Ultimately, Calcium will no doubt handle some problems better and others worse, and it should be considered a complement to existing computer algebra systems rather than a replacement. A symbolic expression simplifier may use Calcium evaluation as one of its tools, but this probably needs to be done selectively and in combination with many other heuristics.
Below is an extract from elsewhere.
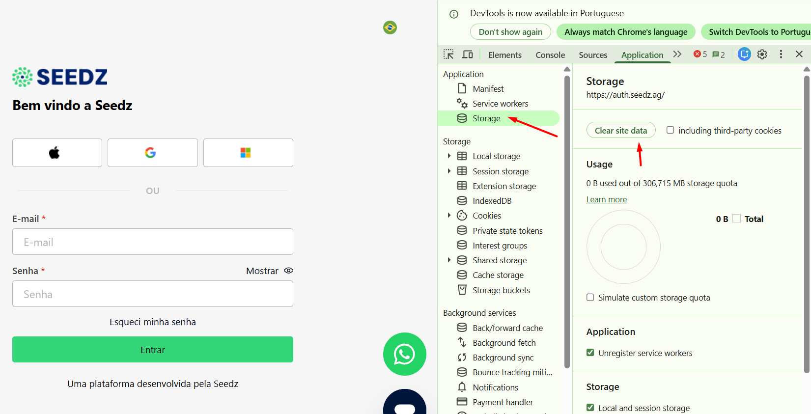 Logo abaixo desse gráfico, procure por um botão grande escrito Clear site data (Limpar dados do site).

Why is Calcium written in C?

The main advantage of developing Calcium as a C library is that it will not be tied to a particular programming language ecosystem: C is uniquely easy to interface from almost any other language. The second most important reason is familiarity: Calcium follows the design of Flint and Arb (coding style, naming, module layout, memory management, test code, etc.) which has proved to work quite well for libraries of this type.

There is also the performance argument. Some core functions will benefit from optimizations that are natural in C such as in-place operations and fine-grained manual memory management. However, the performance aspect should not be overemphasized: Calcium will spend most of its time in Flint and Arb kernel functions and this would probably still be true even if it were written in a slower language.

There are certainly types of mathematical functionality that will be too inconvenient to implement in C. Our intention is indeed to leave such functionality to projects written in Python, Julia, etc. which may then opt to depend on Calcium for basic operations.

What is the development status of Calcium?

Calcium is presently in early development and should be considered experimental software. The interfaces are subject to change and many important functions and optimizations have not been implemented. A more stable and functional release can be expected in late 2021.